IDEAL, A 52-week Phase 3 study of seladelpar in patients with PBC who have an incomplete response or intolerance to ursodeoxycholic acid (UDCA), in each case with ALP greater than the upper limit of normal (ULN) but less than 1.67xULN, and total bilirubin less than or equal to 2xULN was initiated in August 2023. The primary outcome measure is the normalization of ALP at 12 months and additional key outcomes evaluating efficacy include the percent change from baseline in ALP at 12 months and the level of self-reported pruritus (itch) at 6 months for patients with moderate to severe symptoms at baseline, assessed by a numerical rating scale (NRS) and recorded by electronic diary.

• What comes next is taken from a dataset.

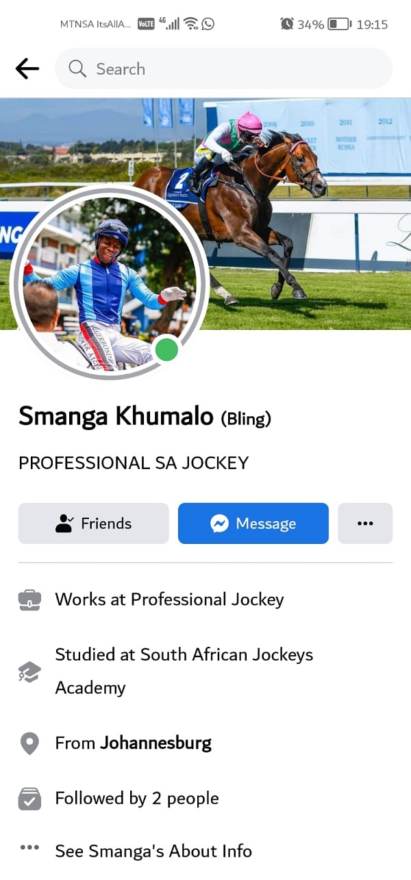 “Professional jockeys are not permitted to gamble and ‘Bling’ has never offered tips for reward on Facebook or any social media platform,” confirmed Monty, who said that Smanga was saddened to know that innocent and unwitting fans may be lured into the scam.

We also are conducting ASSURE (NCT03301506), an open-label, long-term study of seladelpar in patients with PBC intended to collect additional long-term safety data to support registration. The first subjects will consist of patients who have participated in our prior studies of seladelpar in PBC, including the patients who completed the open-label Phase 2 study and enrolled in the previous long-term study and ENHANCE. Patients who complete RESPONSE, and potentially other future PBC studies with seladelpar, will also have the opportunity to enroll in ASSURE.